Genetic analyses, which provided a route to the gene regulatory proteins of bacteria, yeast, and Drosophila, is much more difficult in vertebrates. Therefore, the isolation of vertebrate gene regulatory proteins had to await the development of different approaches. Many of these approaches rely on the detection in a cell extract of a DNA-binding protein that specifically recognizes a DNA sequence known to control the expression of a particular gene. The most common way to detect sequence-specific DNA-binding proteins is to use a technique that is based on the effect of a bound protein on the migration of DNA molecules in an electric field.

An external file that holds a picture, illustration, etc., usually as some form of binary object. The name of referred object is ch7f29.jpg.

Figure 7-29

.

   A gel-mobility shift assay

The principle of the assay is shown schematically in (A). In this example an extract of an antibody-producing cell line is mixed with a radioactive DNA fragment containing about 160 nucleotides of a regulatory DNA sequence from a gene encoding the light chain of the antibody made by the cell line. The effect of the proteins in the extract on the mobility of the DNA fragment is analyzed by polyacrylamide-gel electrophoresis followed by autoradiography. The free DNA fragments migrate rapidly to the bottom of the gel, while those fragments bound to proteins are retarded; the finding of six retarded bands suggests that the extract contains six different sequence-specific DNA-binding proteins (indicated as C1–C6) that bind to this DNA sequence. (For simplicity, any DNA fragments with more than one protein bound have been omitted from the figure.) In (B) the extract was fractionated by a standard chromatographic technique (top), and each fraction was mixed with the radioactive DNA fragment, applied to one lane of a polyacrylamide gel, and analyzed as in (A). (B, modified from C. Scheidereit, A. Heguy, and R.G. Roeder, Cell 51:783–793, 1987.)

A DNA molecule is highly negatively charged and will therefore move rapidly toward a positive electrode when it is subjected to an electric field. When analyzed by polyacrylamide-gel electrophoresis, DNA molecules are separated according to their size because smaller molecules are able to penetrate the fine gel meshwork more easily than large ones. Protein molecules bound to a DNA molecule will cause it to move more slowly through the gel; in general, the larger the bound protein, the greater the retardation of the DNA molecule. This phenomenon provides the basis for the gel-mobility shift assay, which allows even trace amounts of a sequence-specific DNA-binding protein to be readily detected. In this assay, a short DNA fragment of specific length and sequence (produced either by DNA cloning or by chemical synthesis) is radioactively labeled and mixed with a cell extract; the mixture is then loaded onto a polyacrylamide gel and subjected to electrophoresis. If the DNA fragment corresponds to a chromosomal region where, for example, several sequence-specific proteins bind, autoradiography will reveal a series of DNA bands, each retarded to a different extent and representing a distinct DNA-protein complex. The proteins responsible for each band on the gel can then be separated from one another by subsequent fractionations of the cell extract (Figure 7-29).

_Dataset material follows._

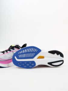 La mousse est en effet plus dure que sur la Speed 4 ce qui donne une nette amélioration de la stabilité mais qui ne casse pas le dynamisme de la paire qui fait son succès dans la catégorie paire d’entraînement.

DNA Affinity Chromatography Facilitates the Purification of Sequence-specific DNA-binding Proteins

An external file that holds a picture, illustration, etc., usually as some form of binary object. The name of referred object is ch7f30.jpg.

Figure 7-30

.

   DNA affinity chromatography

In the first step, all the proteins that can bind DNA are separated from the remainder of the cellular proteins on a column containing a huge number of different DNA sequences. Most sequence-specific DNA-binding proteins have a weak (nonspecific) affinity for bulk DNA and are therefore retained on the column. This affinity is due largely to ionic attractions, and the proteins can be washed off the DNA by a solution that contains a moderate concentration of salt. In the second step, the mixture of DNA-binding proteins is passed through a column that contains only DNA of a particular sequence. Typically, all the DNA-binding proteins will stick to the column, the great majority by nonspecific interactions. These are again eluted by solutions of moderate salt concentration, leaving on the column only those proteins (typically one or only a few) that bind specifically and therefore very tightly to the particular DNA sequence. These remaining proteins can be eluted from the column by solutions containing a very high concentration of salt.

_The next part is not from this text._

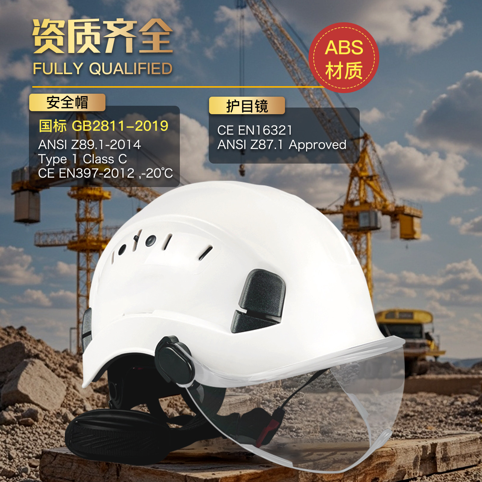 工地头盔安全帽3c认证国标施工玻璃钢abs新国标【定制logo印字】

A particularly powerful purification method called DNA affinity chromatography can be used once the DNA sequence that a gene regulatory protein recognizes has been determined. A double-stranded oligonucleotide of the correct sequence is synthesized by chemical methods and linked to an insoluble porous matrix such as agarose; the matrix with the oligonucleotide attached is then used to construct a column that selectively binds proteins that recognize the particular DNA sequence (Figure 7-30). Purifications as great as 10,000-fold can be achieved by this means with relatively little effort.

Although most proteins that bind to a specific DNA sequence are present in a few thousand copies per higher eucaryotic cell (and generally represent only about one part in 50,000 of the total cell protein), enough pure protein can usually be isolated by affinity chromatography to obtain a partial amino acid sequence by mass spectrometry or other means (discussed in Chapter 8). If the complete genome sequence of the organism is known, the partial amino acid sequence can be used to identify the gene. The gene provides the complete amino acid sequence of the protein, and any uncertainties regarding exon and intron boundaries can be resolved by analyzing the mRNA produced by the gene, as described in Chapter 8. The gene also provides the means to produce the protein in unlimited amounts through genetic engineering techniques, as discussed in Chapter 8).

The DNA Sequence Recognized by a Gene Regulatory Protein Can Be Determined

An external file that holds a picture, illustration, etc., usually as some form of binary object. The name of referred object is ch7f31.jpg.

Figure 7-31

.

   A method for determining the DNA sequence recognized by a gene regulatory protein

A purified gene regulatory protein is mixed with millions of different short DNA fragments, each with a different sequence of nucleotides. A collection of such DNA fragments can be produced by programming a DNA synthesizer, a machine that chemically synthesizes DNA of any desired sequence (discussed in Chapter 8). For example, there are 411, or approximately 4.2 million possible sequences for a DNA fragment of 11 nucleotides. The double-stranded DNA fragments that bind tightly to the gene regulatory protein are then separated from the DNA fragments that fail to bind. One method for accomplishing this separation is through gel-mobility shifts, as described in Figure 7-29. After separation of the DNA-protein complexes from the free DNA, the DNA fragments are removed from the protein, and several additional rounds of the same selection process are carried out. The nucleotide sequences of those DNA fragments that remain through multiple rounds of selection can be determined, and a consensus DNA recognition sequence can be generated.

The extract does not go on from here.